In het Eindhovens Dagblad van maandag 7 maart j.l. staat dat er MRSA-besmettingen geconstateerd zijn binnen het wijkzorgteam van de Zorgboog in Laarbeek.

MRSA (Methicilline Resistente Staphylococcus Aureus) is een huidbacterie die resistent is tegen de meeste gangbare antibiotica maar bij gezonde mensen verloopt de besmetting meestal zonder klachten. Men zegt dat de besmetting alleen gebeurt via intensief (zorg)contact en bij ernstig verzwakte personen kan een infectie ontstaan als er via een wond, bacteriën in de bloedbaan terecht komen.

Als men het artikel leest, denkt de argeloze lezer dat het niet zo’n vaart zal lopen. Toch zijn er huisartsen, die alarm slaan over het grote aantal besmettingen van inwoners met resistente bacteriën. Het overdadig gebruik van antibiotica in de intensieve veeteelt kan de droom van de werking van antibiotica wel eens veranderen in een nachtmerrie.

Volgens het RIVM  (Rijksinstituut voor Volksgezondheid en Milieu) is 70 tot 90% van de varkens- en vleeskalverhouderijen besmet met MRSA. In het rapport: “Infectierisico’s van veehouderijen voor omwonenden” van 2012 is men vaag omdat men onvoldoende gegevens heeft.
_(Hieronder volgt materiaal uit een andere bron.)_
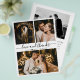 Orçamento, Elegante, Casamento de Colagem Fotográfica Acondicionada à Mão. Obrigado, personalizado barato de baixo orçamento. Na moda, obrigado de casamento minimalista, modelo de papel com três (3) fotos na frente e uma (1) foto na parte traseira. Com o texto "Amor e obrigados" em uma letra escrita tipográfica escrita, escrita à mão, em preto, sobre fundo branco. Na parte de trás, uma foto horizontal e seu obrigado, você envia uma mensagem modelo. ***POR FAVOR, NOTE! *** O PAPEL ORÇAMENTAL/FLYER É MAIS FINO DO PAPEL. SEM ENVELOPES INCLUÍDOS.*** ATUALIZE O PAPEL PARA UM PAPEL MAIS ESPESTO. *** Cartão postal: https://www.zazzle.com/wedding_photo_collage_love_and_thanks_thank_you_postcard-256313964226193537?dz=f2d662d9-964e-4076-bd13-f7f3df9e0ea7 Cardstock Tradicional com Envelopes: https://www.zazzle.com/love_and_thanks_script_wedding_photo_thank_you_card-256632561302382055 Personalize o nome personalizado e a mensagem do obrigado. Se preferir escrever manualmente a sua nota, basta eliminar o texto de amostra para obter mais espaço. Se precisar de ajuda ou item correspondente, entre em contato com o designer!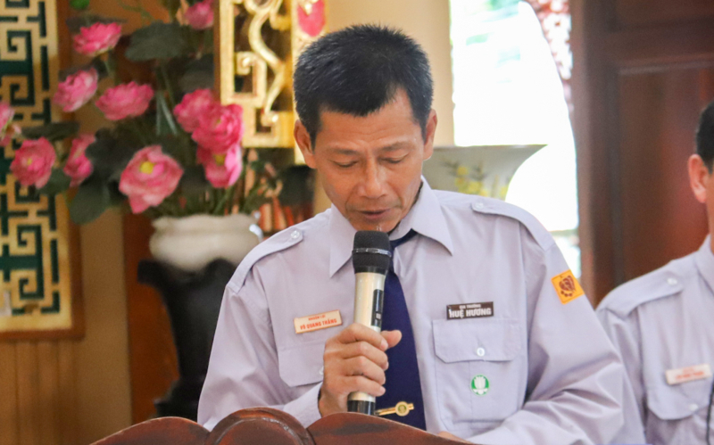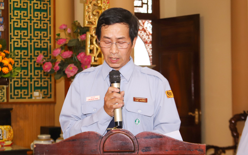 Thay mặt Ban Hộ trì Tam bảo chùa Huệ Hương, Bác Lê Hữu Khải trang nghiêm tuyên đọc Quyết định công nhận Ban Huynh trưởng mới.

De conclusies zijn gebaseerd op literatuuronderzoek, waarbij advies is gegeven voor de afstand tussen bedrijven en is vooral gericht op de beheersing van dierziekten.

Of er ook een verhoogd risico is voor omwonenden heeft men naar zes zoonösen gekeken (vogelgriep, Q-koorts, psittacose, campylobacteriose, veegerelateerde MRSA en ESBL-producerende bacteriën). Een zoönose is een infectie die van dieren naar de mens overgebracht wordt. Om een inzicht te krijgen in infectierisico’s voor omwonenden van veehouderijen heeft men echter geen onderzoek uitgevoerd.

Het is wel duidelijk dat er steeds meer MRSA-besmettingen komen en de Q-koorts heeft aangetoond dat mensen besmet kunnen raken door inademing van sporen van het infecterend agens, de bacterie Coxiella burnetii.

Zullen we hier eens een piketpaaltje slaan en twee boerengezinde partijen in de gemeenteraad Gemert-Bakel, adviseren bij discussies van geurcirkels, mestproblematiek en uitbreiden van veeteeltbedrijven niet alleen te kijken naar het economisch belang maar ook aandacht te besteden aan de zorg voor de volksgezondheid.